Preferably, the hot air pipeline assembly further comprises a dehumidifier and a filter, the dehumidifier and the filter are both arranged on the hot air pipeline, the dehumidifier is located at the upstream of the blower, and the filter is located between the blower and the first regulating valve.

Preferably, the hot air pipeline assembly further comprises a first temperature sensor disposed on the hot air pipe and located downstream of the first heater.

Preferably, the raw liquid pipeline assembly further comprises a second flow detection mechanism, and the second flow detection mechanism is arranged on the raw liquid conveying pipe.

Preferably, stoste pipeline subassembly still includes transfer line and diaphragm pump, the diaphragm pump set up in on the transfer line, the one end of transfer line connect in the top of buffer tank, the other end stretches into in stoste holding vessel.

Preferably, a second regulating valve and a first pressure detection mechanism are arranged on the compressed air pipe, and the first pressure detection mechanism is positioned at the downstream of the second regulating valve.

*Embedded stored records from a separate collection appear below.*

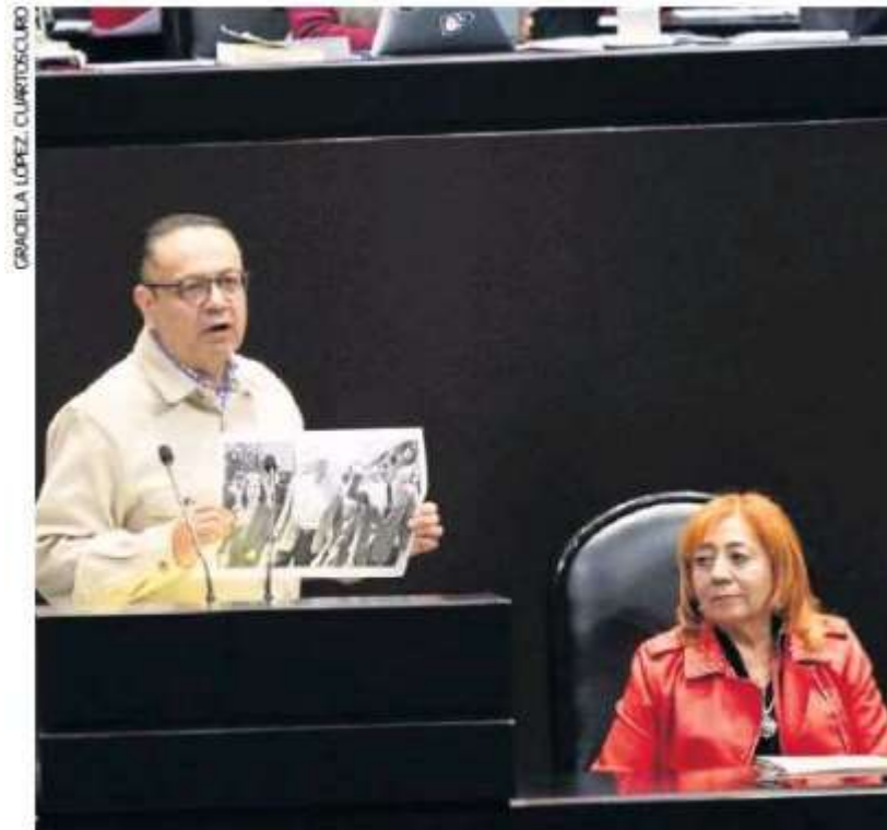
El senador Germán Martínez mostró una foto de Rosario Ibarra y dijo que a la titular de la CNDH le queda grande la comisión.

“¿Por qué sigue sin oponerse a la militarización del país? Urge hacer frente a las violaciones de los derechos humanos, no a guardar silencio”
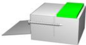
Bild 2: optimaler unterer Fensteranschluss mit dem PR013 Anschlussprofil
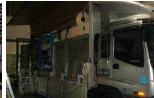
塩分除去 モバイルRO装置
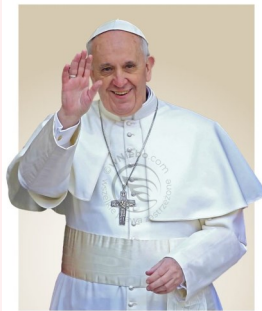
PAPIEŻ FRANCISZEK JORGE MARIO BERGOGLIO 13.III.2013

W najbliższy wtorek przypadają 88. urodziny papieża Franciszka – w osobistych modlitwach polecamy jego osobę i posługę Bożej Opatrzności, aby prowadził bezpiecznie Kościół przez niespokojne współczesne czasy.
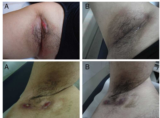
Figura 1 Pacientes con compromiso axilar por HAS. Se muestran los resultados de 2 pacientes de la tabla 1 con compromiso bilateral de axilas por HAS. A. Fotografías de los pacientes pre-tratamiento. B. A las 8 semanas de seguimiento. En el paciente 1 se observa respuesta satisfactoria al tratamiento. En el paciente 2 se evidencia importante disminución de lesiones inflamatorias y signos de actividad de la enfermedad.

Se les sometió a la aplicación de solución de ALA al 20% (Oldex®, Recalcine) durante 1,5 h, irradiando posteriormente con luz de 635 nm, sistema PDT 1200L Waldman® (Herbert Waldmann GmbH & Co. KG Villingen-Schwenningen, Alemania), a dosis de 37 \text{ J/cm}^2 e intensidad 70 \text{ mW/cm}^2 por sesión. Se realizaron un mínimo de 4 sesiones por paciente, separadas por una o 2 semanas, con control clínico a las 4 y 8 semanas. Antes del tratamiento y en las visitas de control se determinó la puntuación de severidad descrita por Sartorius et al. 18 , el índice de calidad de vida o DLQI 19 y una escala visual analógica (EVA) para dolor y actividad de la enfermedad: 0 = sin síntomas ni actividad; 1 = leve dolor y actividad; 2 = moderado dolor y actividad; 3 = severo dolor y actividad.
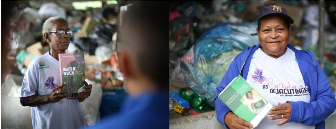
Algumas cooperativadas com seus exemplares do livro “Quarto de Despejo” de Carolina de Jesus.

A investigação acerca da contribuição socioambiental das cooperativas de reciclagem no contexto do pós-consumo revelou, por meio de pesquisa documental e observação direta — especialmente em diálogo com um grupo de mulheres cooperadas —, evidências claras do papel estratégico que essas organizações desempenham na gestão reversa dos resíduos sólidos urbanos.
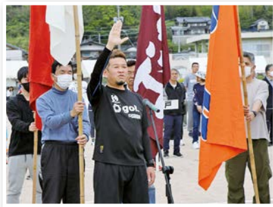
4年ぶりの「選手宣誓」
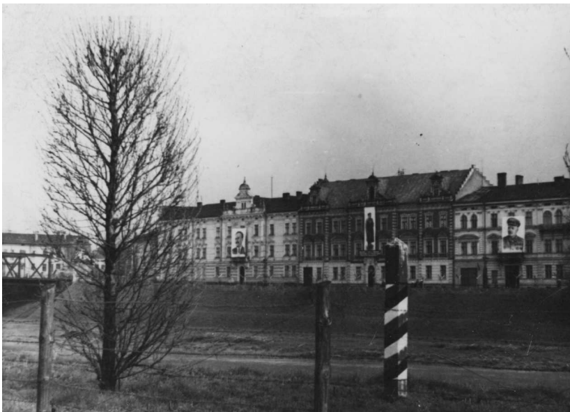
Линия границы между обоюдными государственными интересами Германии и СССР в Перемышле, 1939 год
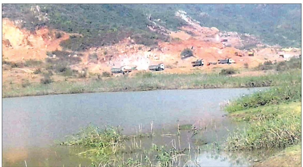
ରାଣାବନ୍ଧ ନିକଟରେ ହୋଇଥିବା ବେଆଇନ ଖନନ।

ସର୍ବୋତ୍ତମ ବେହୁରା ହାଇକୋର୍ଟରେ ଏକ ଜନସ୍ୱାର୍ଥ ମାମଲା(୩୦୬୫/୧୮) ରୁଜୁ କରିଥିଲେ। ଏହା ପୂର୍ବରୁ ଅଞ୍ଚଳବାସୀ ଜିଲ୍ଲା ପ୍ରଶାସନର ଦ୍ୱାରସ୍ଥ ହୋଇଥିଲେ। ଅନୁମତି ନ ନେଇ ଏବଂ ପରିବେଶ ଆଇନ ଉଲ୍ଲଙ୍ଘନ କରି ସେଠାରେ ୧୨ରୁ ଉର୍ଦ୍ଧ୍ୱ ପଥର ଖାଦାନ ଚାଲିଛି। ତେଣୁ ଏକ ଯୁକ୍ତ ତଦନ୍ତ କରି ଆବଶ୍ୟକ ପଦକ୍ଷେପ ନେବାକୁ ଅଞ୍ଚଳବାସୀ ଜିଲ୍ଲାପାଳଙ୍କୁ ସ୍ମାରକପତ୍ର ପ୍ରଦାନ କରିଥିଲେ। ଏହାପରେ ପ୍ରଶାସନ ପକ୍ଷରୁ ସେଠାରେ ୧୪୪ ନିଷ୍ପତ୍ତି ହେବା ଆଶଙ୍କା ସୃଷ୍ଟି କରିଛି। ରାଣାବନ୍ଧ ଅଞ୍ଚଳରେ ଜଳସେଚନ ସମ୍ପଦ ସୂକ୍ଷ୍ମା ସେଠାକାର ଗୋଷ୍ଠୀ ବିକଳ ସମୟରେ ମରୁଡ଼ିର ସମ୍ମୁଖୀନ ହୋଇଆସୁଛି। ଏଭଳି ଅନେକ ସମସ୍ୟା ଉପରେ ଗ୍ରାମବାସୀ ସ୍ମାରକପତ୍ରରେ ଯୋଗୁ ପ୍ରଭାବିତ ହେଉଥିବା ଅଭିଯୋଗ ହୋଇଥିଲା। ଏନେଇ ୨୦୧୮ ଫେବୃଆରୀରେ ସାମାଜିକ କର୍ମୀ
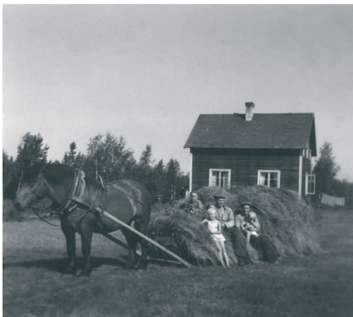
FIGUR 2: Höbärgning. Fotot taget på 1950-talet.

Frågorna kan kanske få sina svar genom en analys av befolkningsstrukturen, dvs. alla som finns i byn, även de som bara är där tillfälligt. Det handlar då om individer som är knutna till olika sfärer med olika avstånd till de ekonomiska tillgångar och centrala värden som finns i byns kärna. Kontinuitet eller förändringsbenägenhet kan måhända förklaras genom det sociala mönstret kopplat till symboliskt och ekonomiskt kapital. Mot bakgrund av de diskussioner som förts om "socialt och kulturellt kapital" och deras betydelse generellt för utveckling och kontinuitet vill jag gå ett steg vidare och visa vilka relationer och föreställningar som utgör grunden i en bygemenskap och i sin tur är viktiga
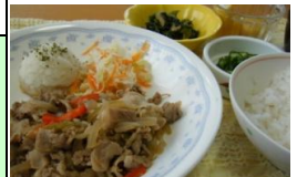
29日：豚肉の生姜焼き

※事前に食べ物の好みについても伺い、苦手な食材の献立の場合は違う料理を準備いたします。

The invention has the beneficial effects that: the hot air conveyed by the hot air pipe, the second heater and the third heater can almost completely vaporize the stock solution atomized in the vaporization liner, the air inlet of the air outlet pipe is arranged downwards, the atomized stock solution which does not flow to the bottom of the vaporization liner can not enter the air outlet pipe, can ensure that the raw liquid entering the air outlet pipe is completely vaporized. The vaporization device can completely vaporize the stock solution and ensure that the discharged stock solution is completely vaporized.

Drawings

FIG. 1 is a schematic structural view of a vaporization apparatus provided in the present invention;

fig. 2 is a schematic structural view of a vaporizer provided in the present invention.

In the figure: 100. a hot air pipe; 101. a dehumidifier; 102. a blower; 103. a filter; 104. a first regulating valve; 105. a first flow detection mechanism; 106. a first heater; 107. a first temperature sensor; 108. a safety valve;

200. a compressed air pipe; 201. a second regulating valve; 202. a first pressure detection mechanism;

300. a stock solution delivery pipe; 301. a stock solution storage container; 302. a liquid suction rod; 303. a diaphragm pump; 304. a buffer tank; 305. a first delivery pump; 306. a second flow detection mechanism; 307. a liquid level switch; 308. a low level switch; 309. a high liquid level switch; 310. a transfusion tube;

401. a housing; 402. vaporizing the bladder; 403. a cover plate; 405. an air outlet pipe; 406. a baffle; 407. a two-fluid atomizing nozzle; 408. a second heater; 409. a third heater; 410. a second temperature sensor.

Detailed Description

In order to make the objects, technical solutions and advantages of the embodiments of the present invention clearer, the technical solutions in the embodiments of the present invention will be clearly and completely described below with reference to the drawings in the embodiments of the present invention, and it is obvious that the described embodiments are some, but not all, embodiments of the present invention. The components of embodiments of the present invention generally described and illustrated in the figures herein may be arranged and designed in a wide variety of different configurations.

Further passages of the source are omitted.